Limitations and When Not to Use This
The paper's incompleteness in this abstract prevents full assessment, but several limitations are evident: (1) The system assumes Gaussian distributions for the statistical manifold analysis, which may not hold for all embedding spaces or may require assumption validation in production; (2) Local-first operation requires substantial on-device memory to maintain five memory subsystems simultaneously, making it unsuitable for highly resource-constrained devices; (3) The mathematical lifecycle dynamics (decay functions, consolidation schedules) are presented abstractly without empirical tuning curves, meaning practitioners will need significant trial-and-error to get parameter settings right for their specific domains; (4) There is no discussion of how multi-agent scenarios work (shared memory? memory privacy?) or how the system scales to very long conversations (thousands of turns).
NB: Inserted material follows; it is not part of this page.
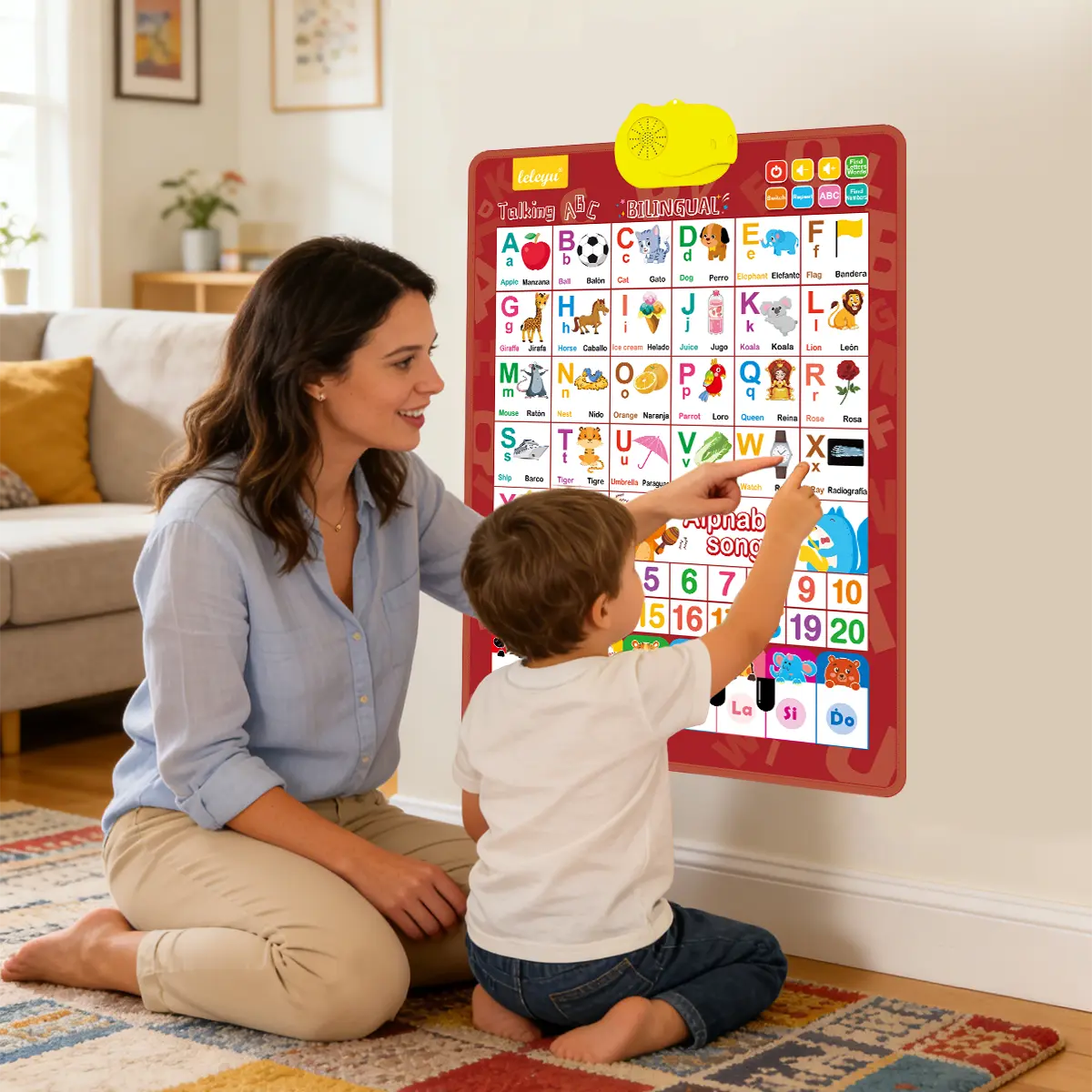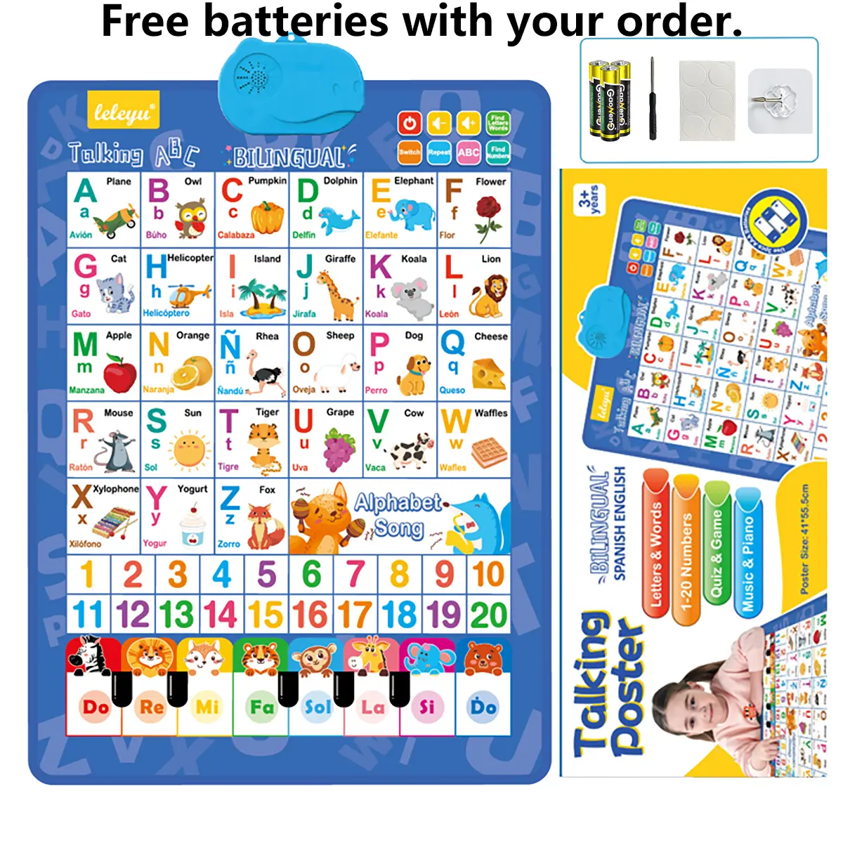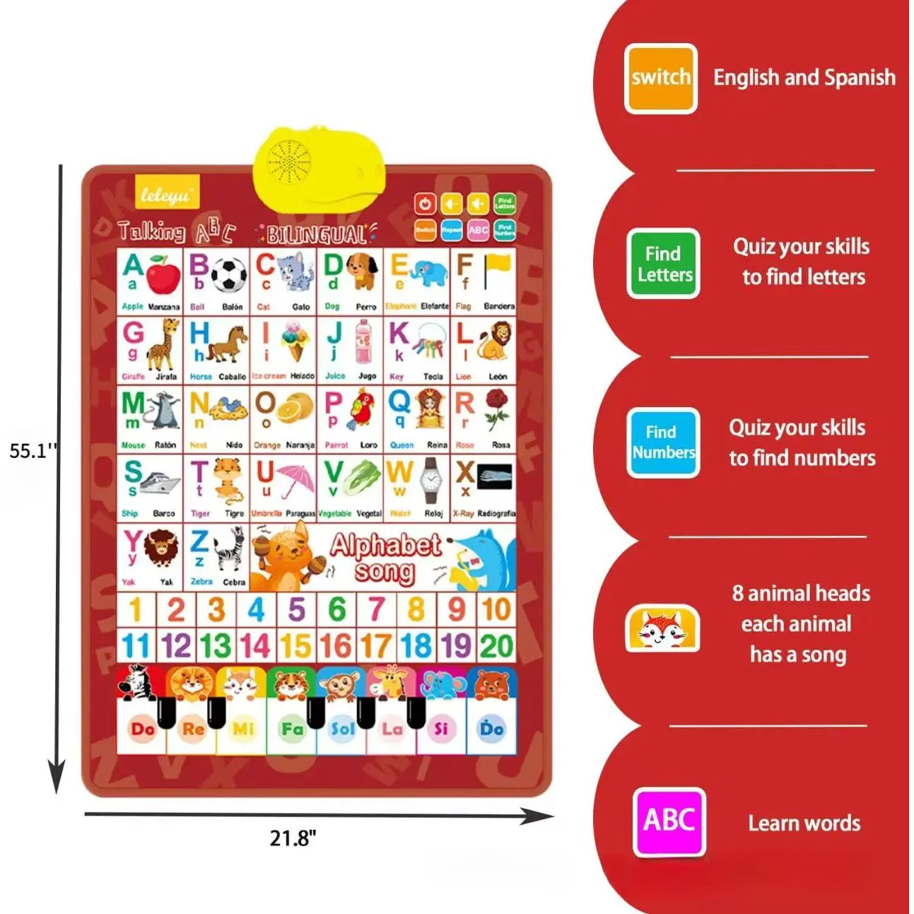 Spanish English Bilingual Audio Early Education Wall Chart Finger Piano Cognitive Pure English Sound Early Education Wall Chart Educational Toys Point Reading Book Educational Equipment Early Education Companion Reading Machine

The paper also lacks comparison to simpler baselines or production systems, so the claim of '100% precision' needs context—100% on what evaluation set, compared to what, and at what recall rate?
Research Context
This work builds directly on SuperLocalMemory V3.2 (arXiv:2603.14588), extending information-geometric foundations to add a new distance metric. It addresses a gap in the agent memory literature where most systems use standard vector databases (Pinecone, Weaviate, Milvus) with no awareness of quantization artifacts or cognitive memory structures. The paper advances the direction of local-first AI systems that avoid cloud dependency while leveraging recent theoretical work on Riemannian manifolds in machine learning. This fits alongside related work on context extension (sparse attention, retrieval-augmented generation) and memory in language agents, but takes a fundamentally different approach by modeling memory as a cognitive system rather than a database lookup problem, opening a new research direction around information-geometric memory design.